Polar Preparations

Preparations are afoot for a big international conference in the Chamber of Commerce nearby, the beautiful mid-nineteenth-century palais of creamy-beige stone with ornate clock and cupids and pointy bits on the roof, also known as La Bourse.  They've relaid the sidewalk in front, trucks are busy unloading, and signs around town point the way.

The conference is called Quais du Polar. A quai is of course a "quay," or a station platform, and polar is slang for a thriller or whodunit. Thriller writers and filmmakers are coming from around the world. Although I don't read the genre much, having grown up adoring Dorothy Sayers, Edmund Crispin, Ngaio Marsh, and now fearing the contemporary school is too brutal, this is exciting; apparently one novel out of every four sold in France is a polar. 


But what is the origin of this expression? Some dictionaries suggest it's simply a contraction of the word policier, as in roman policier, "detective story." Others give no derivation at all.

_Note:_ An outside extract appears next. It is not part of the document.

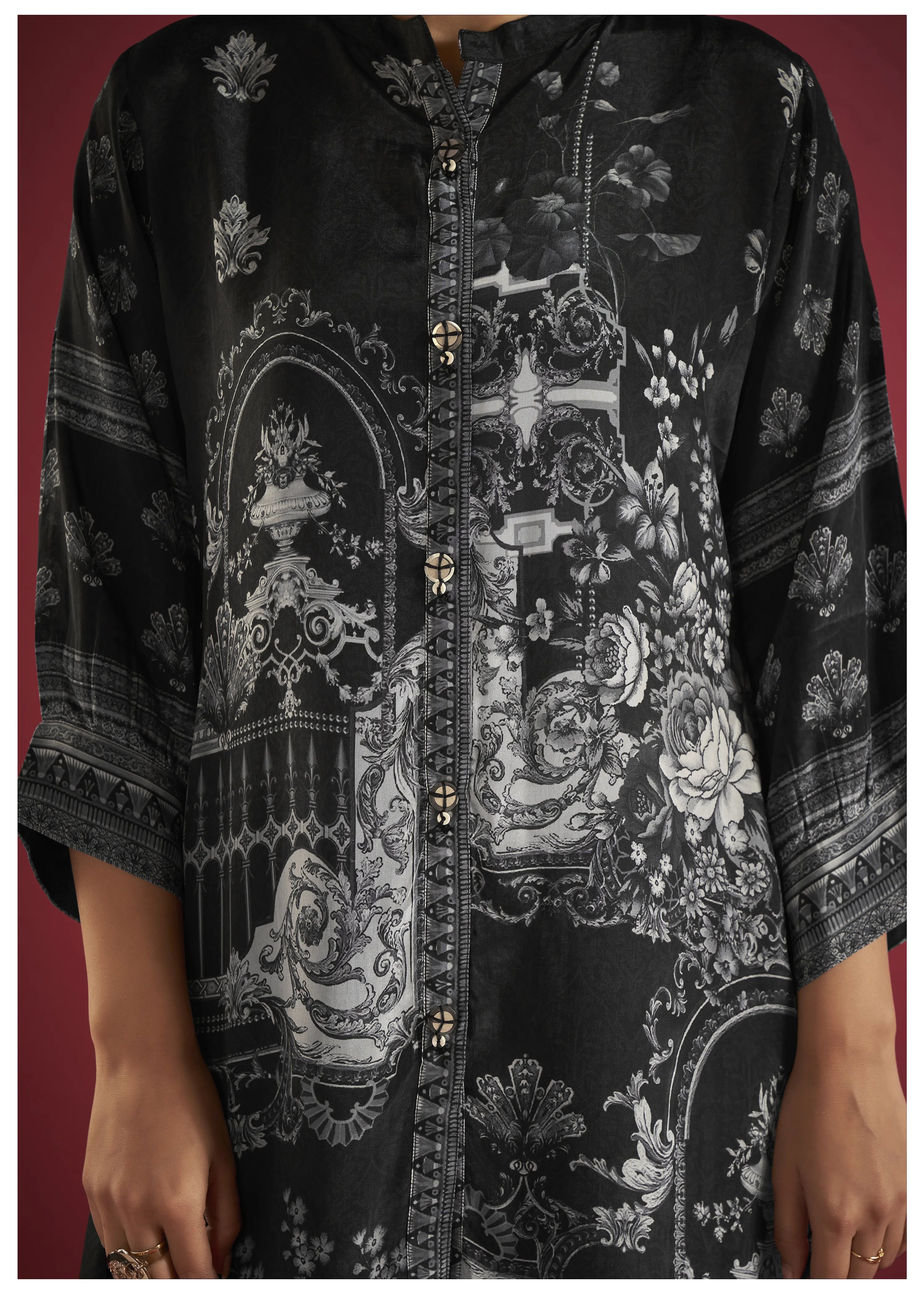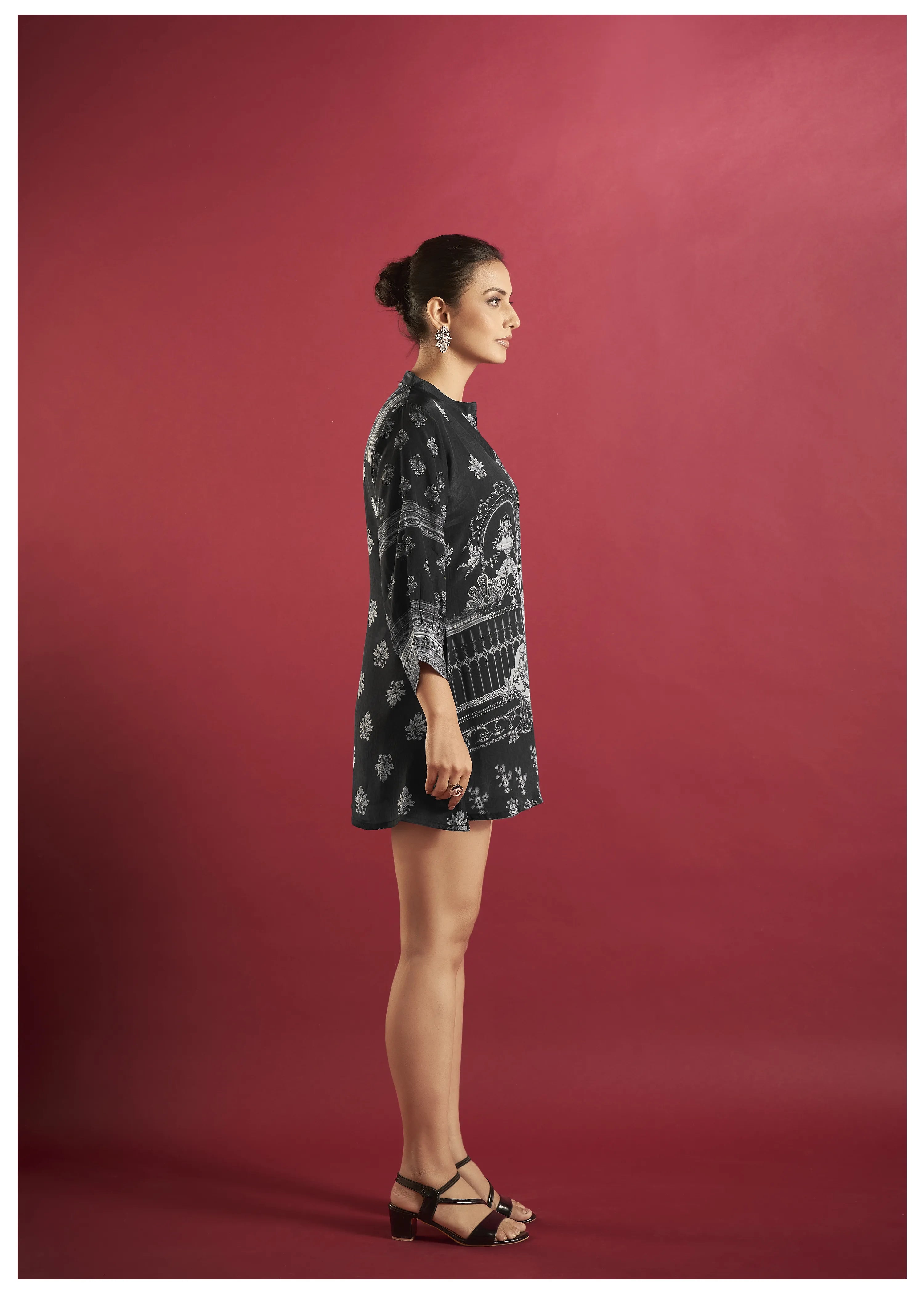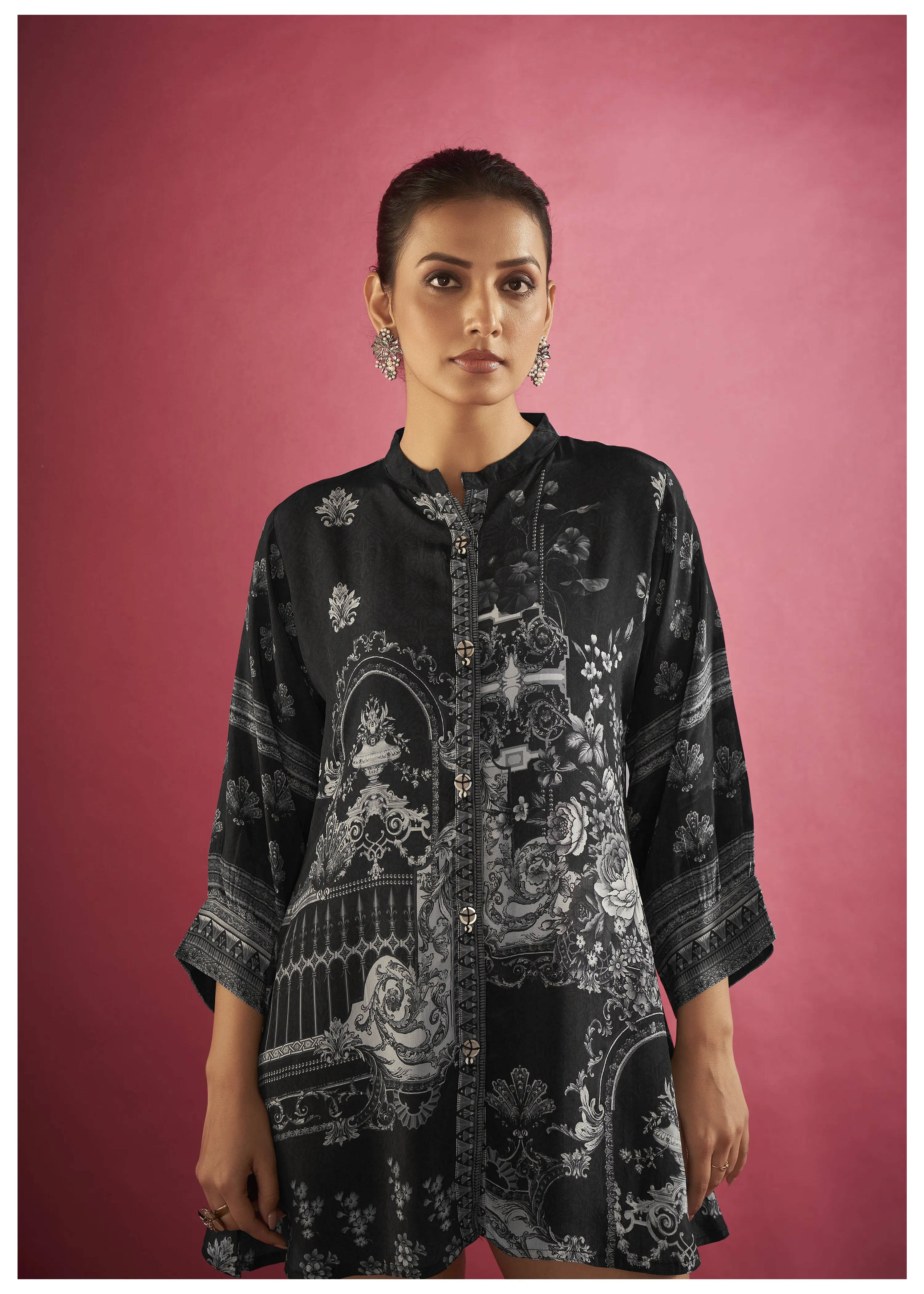 The mandarin collar and button-down design exude understated elegance, while the 3/4th cuff sleeves lend a contemporary vibe to the silhouette. The subtle black and grey print adds a refined touch, making this tunic a versatile addition to your collection.

Of course I've googled around a bit, and, in a 2004 interview on the website polarnoir, the writer Jean-Bernard Pouy says a journalist created the word, but he doesn't say who, or in what context.

Apparently polar first applied more to films, but is now used mainly of books; however, the conference will include books, films, and that big genre here, BD, bandes dessinées: comic strips and graphic novels.  There's also a contest inviting you to write a story; the instructions say they want a polar urbain but otherwise, "le polar est un genre généreux et le champ vous est libre de l'intrigue policière au fantastique, du gris au noir le plus noir, du populo le plus crasseux au bobo le plus snob."  *


I might go to an event or two; at least it would be a change from the activities that have punctuated the last two weeks, such as an MRI appointment, confirmation of a herniated disk, sessions with the kiné (kinésithérapeute, a French physical therapist), exercises I should be doing, core-strengthening postures I should be assuming, and all that non-thrilling stuff.



*The genre is a generous one and the field is open for anything from detective story to fantasy, from the slightly grey to the deepest noir, with the most gritty characters or the most up-market bourgeois bohemians.